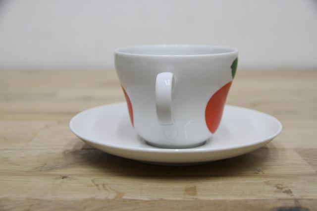 1910年創業Seltmann Weiden社のカップ&ソーサー。テーブルウェアを製造し続けているドイツでも大きな陶磁器製造会社のひとつでもあります。インパクトのある真ん丸なりんごプリントが魅力的なデザインです。
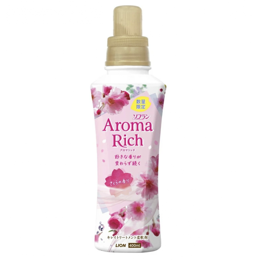 LION Кондиционер для белья "Сакура" (формула сохранения неизменного аромата и красоты тканей / с натуральными маслами "Aroma Rich Sakura 305") 400 мл
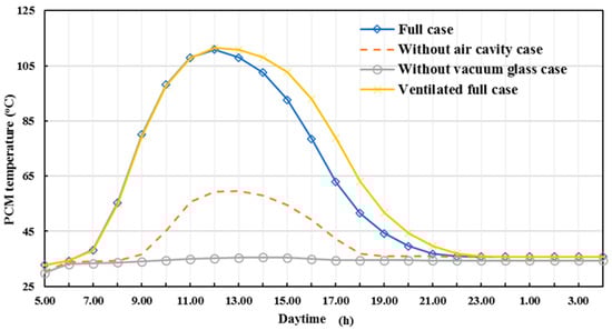 Figure 19. The comparison of the temperature of PCM during the whole day.
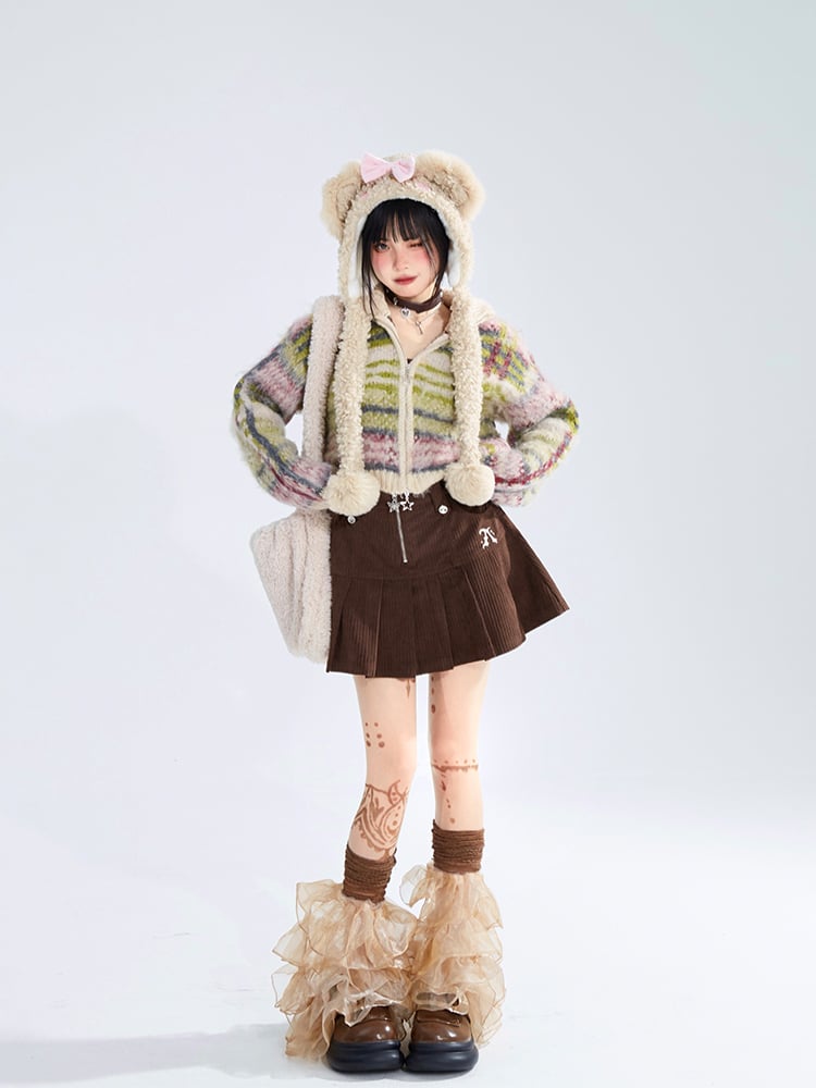 High Neck Cardigan Striped Green Closure Mohair Zip Crop Vintage with
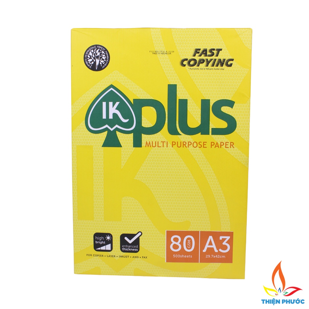 - Giấy in A3 IK Plus với định lượng 80gsm là loại giấy in rất phổ biến trên thị trường, được sản xuất dựa trên công nghệ in ấn hiện đại đến từ Indonesia.

### PROBLEM
Without the pictures, write out every line above exactly as it appears.

### RESULT OF THIS TASK
 1910年創業Seltmann Weiden社のカップ&ソーサー。テーブルウェアを製造し続けているドイツでも大きな陶磁器製造会社のひとつでもあります。インパクトのある真ん丸なりんごプリントが魅力的なデザインです。
 LION Кондиционер для белья "Сакура" (формула сохранения неизменного аромата и красоты тканей / с натуральными маслами "Aroma Rich Sakura 305") 400 мл
 Figure 19. The comparison of the temperature of PCM during the whole day.
 High Neck Cardigan Striped Green Closure Mohair Zip Crop Vintage with
 - Giấy in A3 IK Plus với định lượng 80gsm là loại giấy in rất phổ biến trên thị trường, được sản xuất dựa trên công nghệ in ấn hiện đại đến từ Indonesia.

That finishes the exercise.